_THE PROBLEM_
Your copy of the entries below should hold exactly the lines from the one containing "카메라 + 보관 가방" to the one containing "FFNN을 통한 연산은", inclusive, and no pictures.
↓↓↓
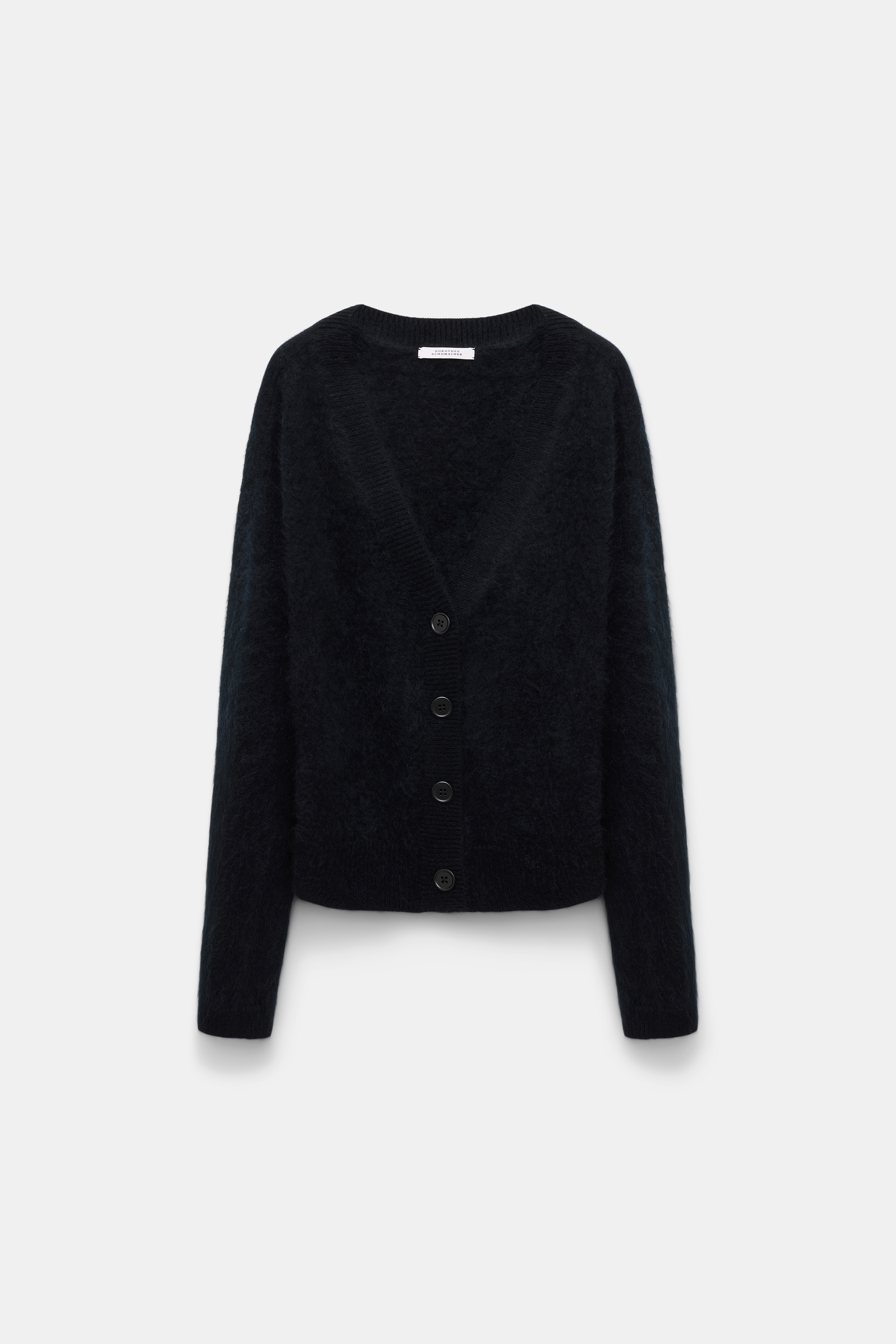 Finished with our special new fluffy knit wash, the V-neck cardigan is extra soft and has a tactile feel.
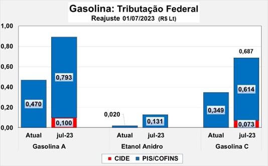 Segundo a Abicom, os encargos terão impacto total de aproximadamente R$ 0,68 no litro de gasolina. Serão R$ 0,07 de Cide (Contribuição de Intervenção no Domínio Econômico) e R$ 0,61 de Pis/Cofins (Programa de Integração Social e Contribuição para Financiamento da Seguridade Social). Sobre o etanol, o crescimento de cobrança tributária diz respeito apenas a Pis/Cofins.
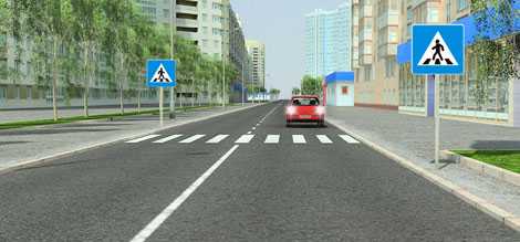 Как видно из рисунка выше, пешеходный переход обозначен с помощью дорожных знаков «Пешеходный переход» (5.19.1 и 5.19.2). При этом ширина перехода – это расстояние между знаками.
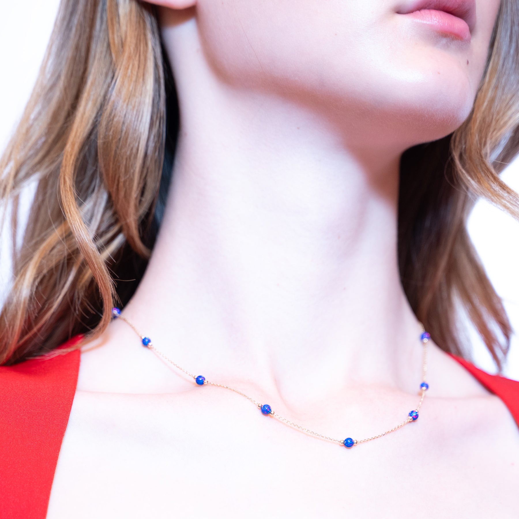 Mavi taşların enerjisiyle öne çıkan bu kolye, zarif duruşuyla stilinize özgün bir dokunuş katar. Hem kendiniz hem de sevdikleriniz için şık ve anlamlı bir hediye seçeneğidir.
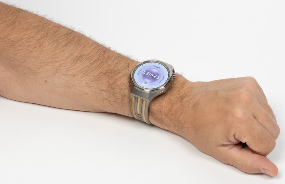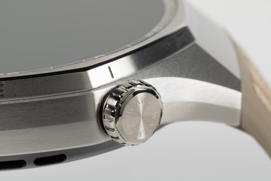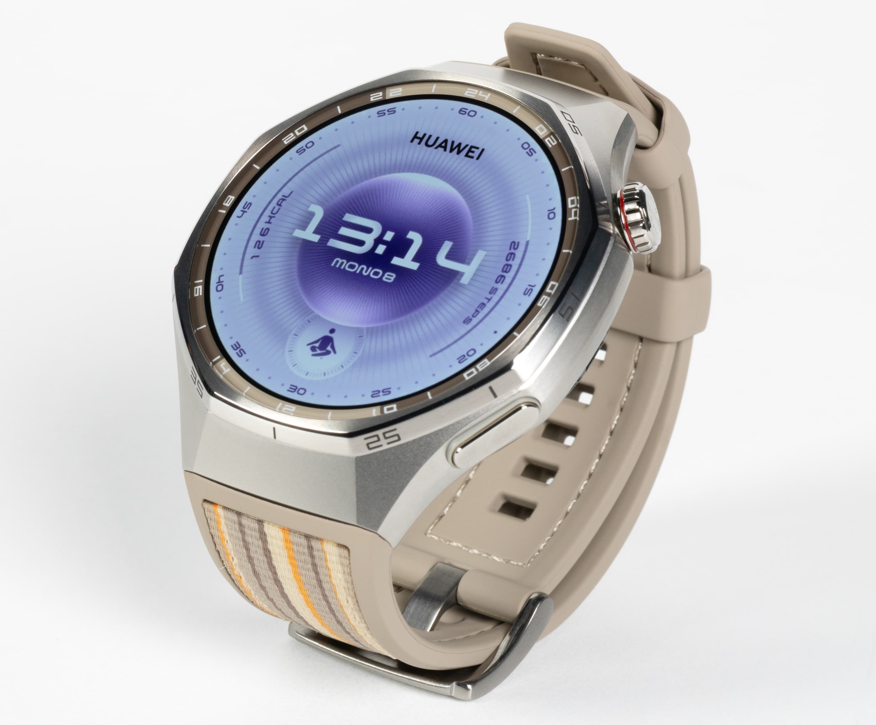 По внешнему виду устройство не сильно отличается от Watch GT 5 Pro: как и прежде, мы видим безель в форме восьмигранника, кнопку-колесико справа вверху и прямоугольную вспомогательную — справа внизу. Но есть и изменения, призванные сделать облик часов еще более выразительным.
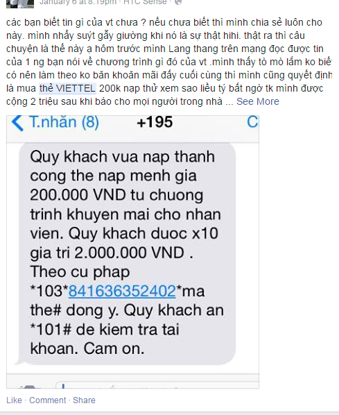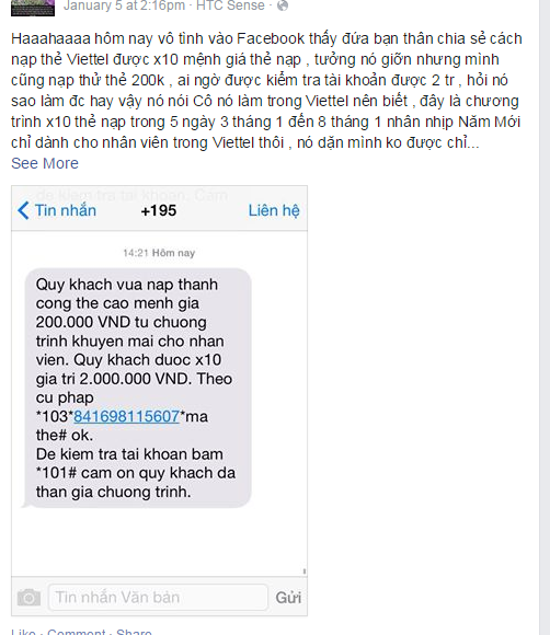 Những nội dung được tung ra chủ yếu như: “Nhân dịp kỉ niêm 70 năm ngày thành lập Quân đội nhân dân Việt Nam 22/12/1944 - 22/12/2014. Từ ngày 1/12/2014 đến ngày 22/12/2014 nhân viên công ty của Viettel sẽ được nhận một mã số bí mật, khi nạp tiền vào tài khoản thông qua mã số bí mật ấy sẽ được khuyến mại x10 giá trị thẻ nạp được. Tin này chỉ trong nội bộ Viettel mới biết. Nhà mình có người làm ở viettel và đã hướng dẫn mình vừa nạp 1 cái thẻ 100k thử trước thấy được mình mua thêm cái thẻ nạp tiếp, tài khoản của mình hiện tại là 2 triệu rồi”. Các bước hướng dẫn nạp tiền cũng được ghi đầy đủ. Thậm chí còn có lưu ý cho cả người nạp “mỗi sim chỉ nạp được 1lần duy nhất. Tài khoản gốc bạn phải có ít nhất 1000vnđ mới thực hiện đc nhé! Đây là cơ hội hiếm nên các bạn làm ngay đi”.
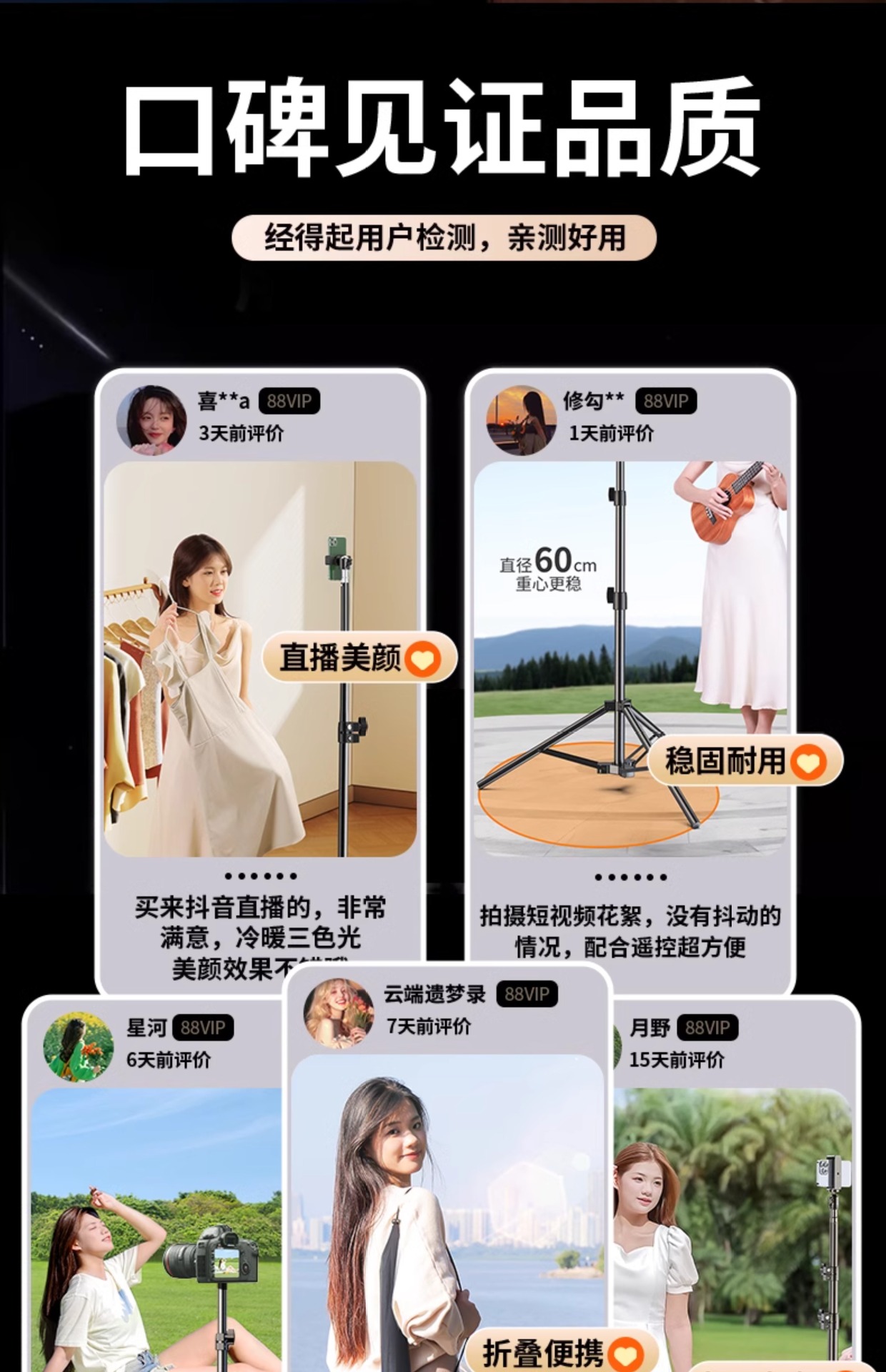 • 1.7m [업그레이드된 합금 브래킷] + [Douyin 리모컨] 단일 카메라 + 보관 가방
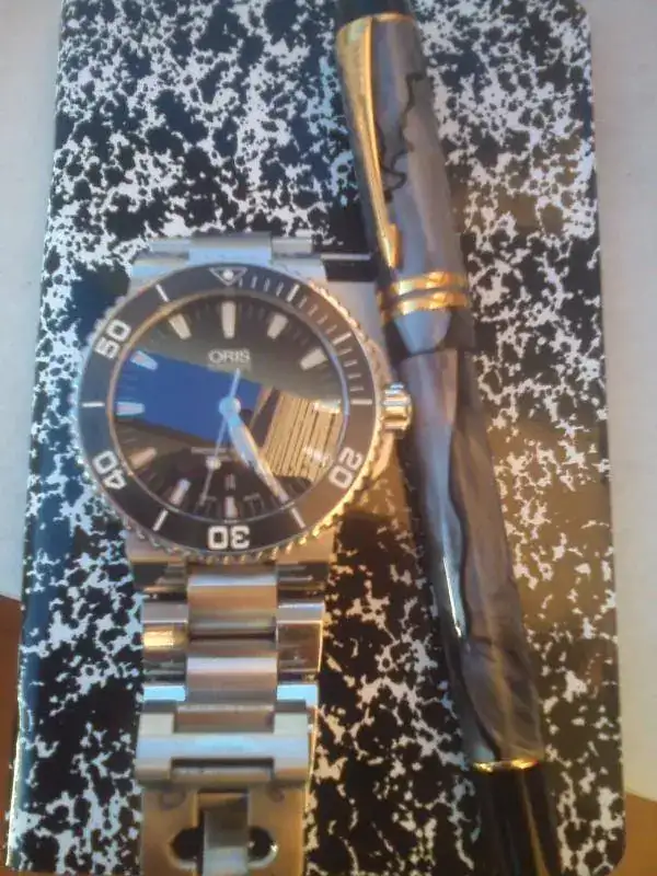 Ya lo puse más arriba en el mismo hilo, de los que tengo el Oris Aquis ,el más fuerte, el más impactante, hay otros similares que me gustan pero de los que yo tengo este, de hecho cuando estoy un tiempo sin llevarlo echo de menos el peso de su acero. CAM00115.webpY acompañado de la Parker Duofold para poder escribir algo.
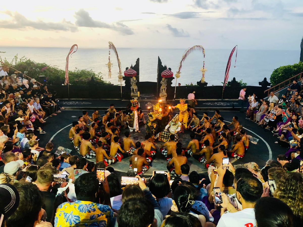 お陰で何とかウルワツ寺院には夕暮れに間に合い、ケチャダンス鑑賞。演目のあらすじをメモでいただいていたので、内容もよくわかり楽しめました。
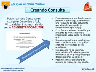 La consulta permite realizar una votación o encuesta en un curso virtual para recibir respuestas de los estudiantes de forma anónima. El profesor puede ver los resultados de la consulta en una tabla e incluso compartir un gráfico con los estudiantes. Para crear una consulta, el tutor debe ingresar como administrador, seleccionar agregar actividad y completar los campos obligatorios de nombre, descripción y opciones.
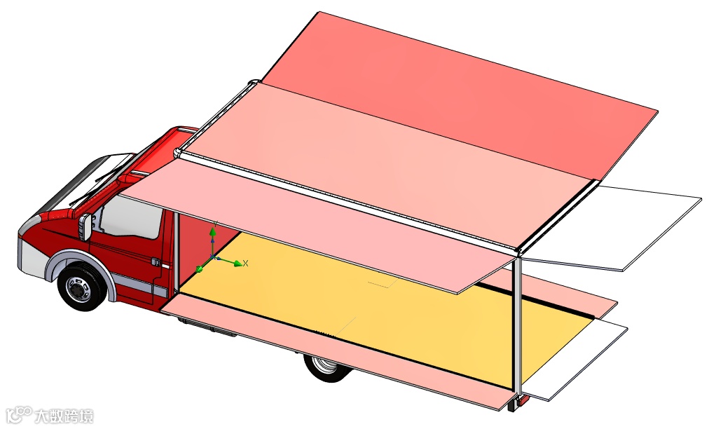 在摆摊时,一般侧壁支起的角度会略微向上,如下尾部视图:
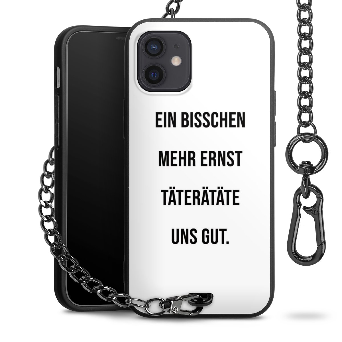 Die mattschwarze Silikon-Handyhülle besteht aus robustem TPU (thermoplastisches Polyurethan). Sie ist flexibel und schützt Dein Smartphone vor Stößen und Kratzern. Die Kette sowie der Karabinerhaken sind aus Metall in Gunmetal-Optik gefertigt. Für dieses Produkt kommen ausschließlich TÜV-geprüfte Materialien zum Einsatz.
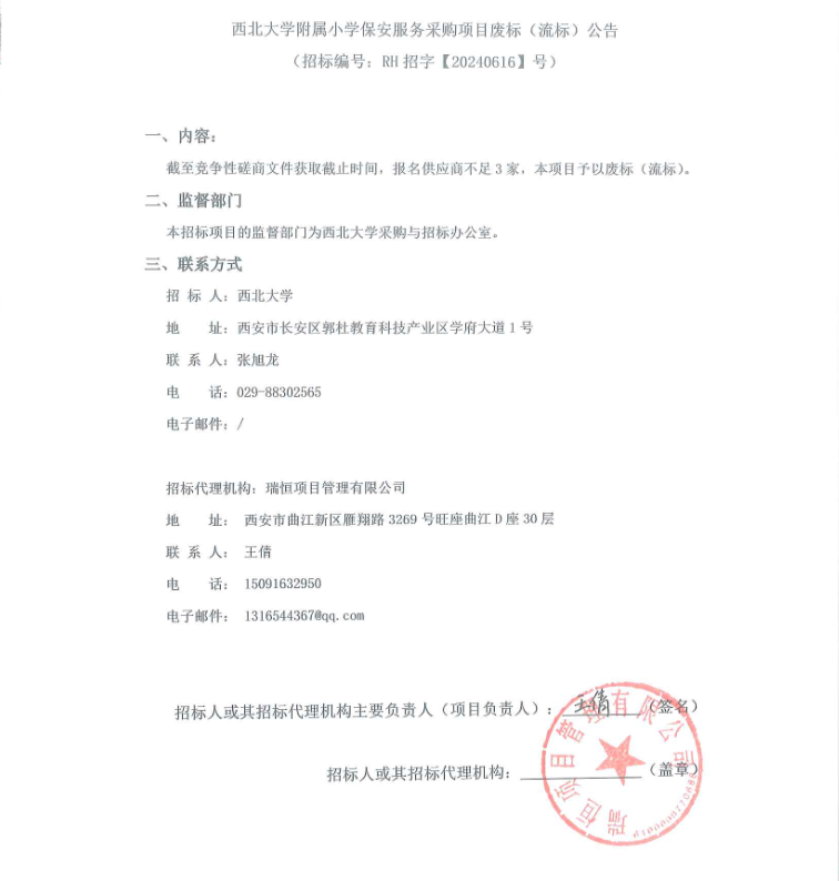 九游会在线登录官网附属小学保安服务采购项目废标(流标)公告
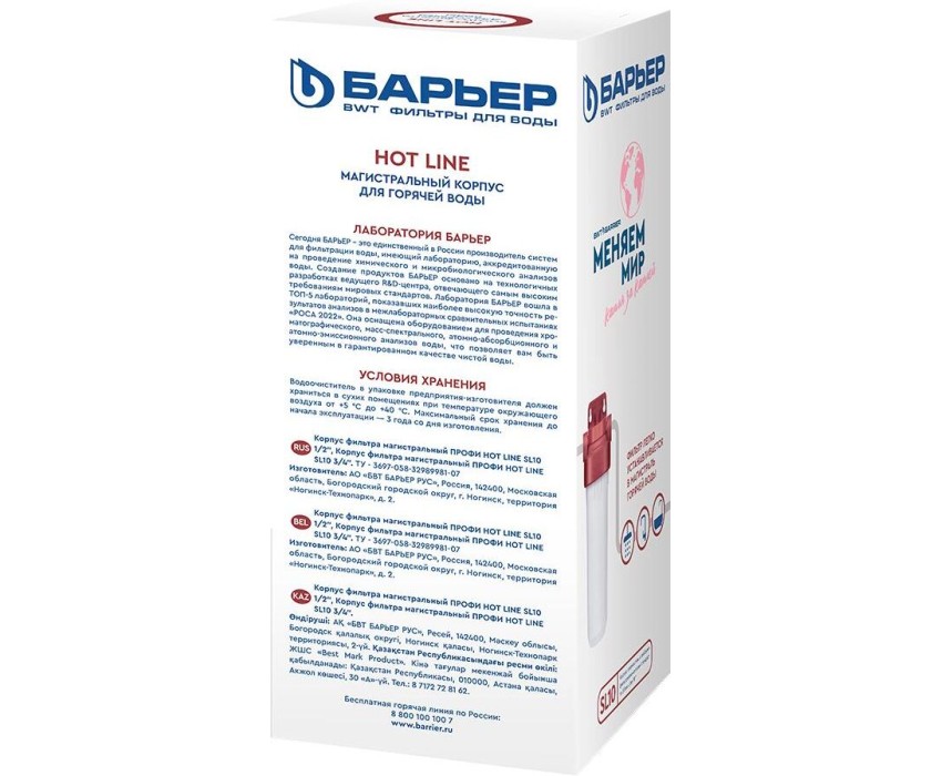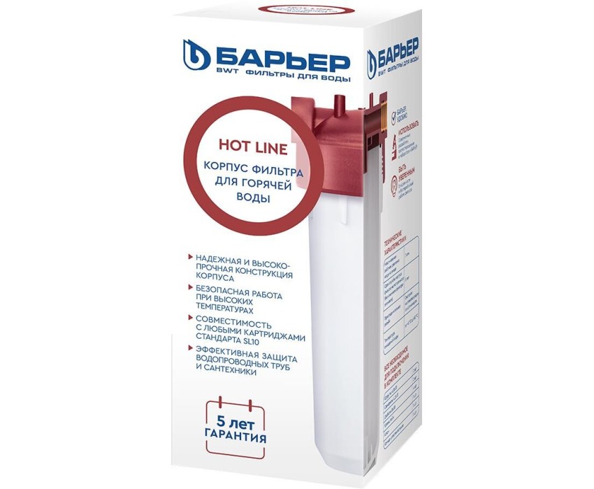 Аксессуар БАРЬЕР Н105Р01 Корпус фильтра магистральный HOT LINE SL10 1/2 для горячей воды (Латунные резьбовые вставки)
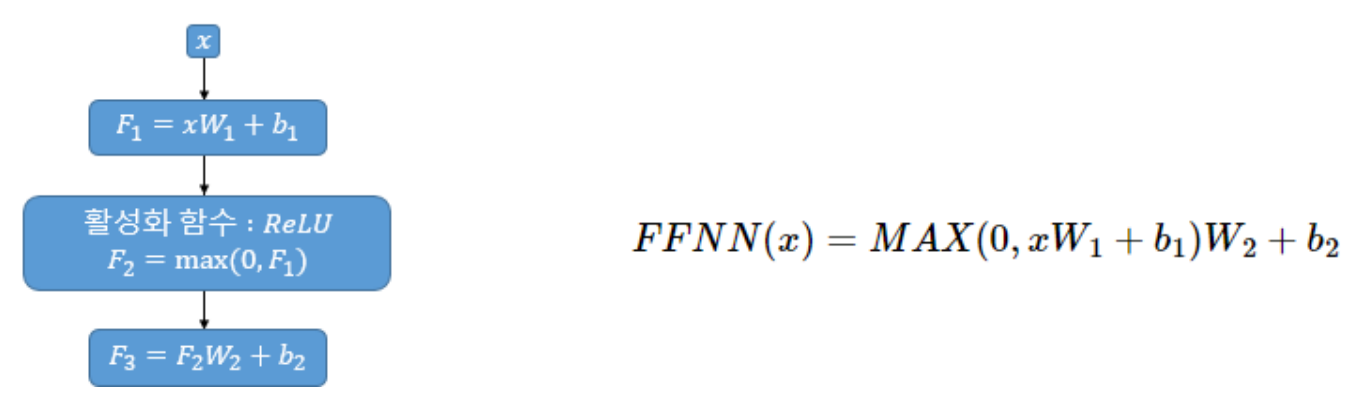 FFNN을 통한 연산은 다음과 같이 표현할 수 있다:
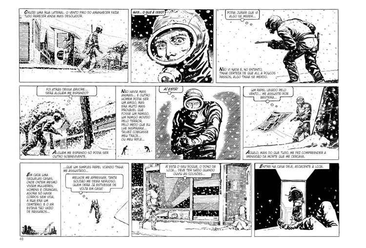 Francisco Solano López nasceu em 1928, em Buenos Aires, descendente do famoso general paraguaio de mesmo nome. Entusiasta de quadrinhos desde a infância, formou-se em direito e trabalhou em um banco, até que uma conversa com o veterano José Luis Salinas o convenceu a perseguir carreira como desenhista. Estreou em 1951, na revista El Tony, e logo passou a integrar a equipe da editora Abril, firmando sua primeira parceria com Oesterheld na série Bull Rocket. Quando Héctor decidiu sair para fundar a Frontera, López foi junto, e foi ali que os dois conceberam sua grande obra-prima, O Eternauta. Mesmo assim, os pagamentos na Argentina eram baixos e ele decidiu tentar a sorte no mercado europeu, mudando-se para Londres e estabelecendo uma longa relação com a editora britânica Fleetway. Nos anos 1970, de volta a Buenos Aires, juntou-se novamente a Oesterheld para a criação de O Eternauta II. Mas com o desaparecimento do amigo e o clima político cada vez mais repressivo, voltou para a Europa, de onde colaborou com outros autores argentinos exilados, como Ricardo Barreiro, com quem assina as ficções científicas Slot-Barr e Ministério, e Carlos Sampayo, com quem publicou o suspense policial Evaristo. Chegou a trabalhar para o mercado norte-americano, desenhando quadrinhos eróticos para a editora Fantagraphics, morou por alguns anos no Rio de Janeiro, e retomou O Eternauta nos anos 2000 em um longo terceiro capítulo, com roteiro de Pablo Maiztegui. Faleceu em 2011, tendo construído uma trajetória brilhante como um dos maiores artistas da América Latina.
↑↑↑
_ANSWER SECTION_
 • 1.7m [업그레이드된 합금 브래킷] + [Douyin 리모컨] 단일 카메라 + 보관 가방
 Ya lo puse más arriba en el mismo hilo, de los que tengo el Oris Aquis ,el más fuerte, el más impactante, hay otros similares que me gustan pero de los que yo tengo este, de hecho cuando estoy un tiempo sin llevarlo echo de menos el peso de su acero. CAM00115.webpY acompañado de la Parker Duofold para poder escribir algo.
 お陰で何とかウルワツ寺院には夕暮れに間に合い、ケチャダンス鑑賞。演目のあらすじをメモでいただいていたので、内容もよくわかり楽しめました。
 La consulta permite realizar una votación o encuesta en un curso virtual para recibir respuestas de los estudiantes de forma anónima. El profesor puede ver los resultados de la consulta en una tabla e incluso compartir un gráfico con los estudiantes. Para crear una consulta, el tutor debe ingresar como administrador, seleccionar agregar actividad y completar los campos obligatorios de nombre, descripción y opciones.
 在摆摊时,一般侧壁支起的角度会略微向上,如下尾部视图:
 Die mattschwarze Silikon-Handyhülle besteht aus robustem TPU (thermoplastisches Polyurethan). Sie ist flexibel und schützt Dein Smartphone vor Stößen und Kratzern. Die Kette sowie der Karabinerhaken sind aus Metall in Gunmetal-Optik gefertigt. Für dieses Produkt kommen ausschließlich TÜV-geprüfte Materialien zum Einsatz.
 九游会在线登录官网附属小学保安服务采购项目废标(流标)公告
 Аксессуар БАРЬЕР Н105Р01 Корпус фильтра магистральный HOT LINE SL10 1/2 для горячей воды (Латунные резьбовые вставки)
 FFNN을 통한 연산은 다음과 같이 표현할 수 있다:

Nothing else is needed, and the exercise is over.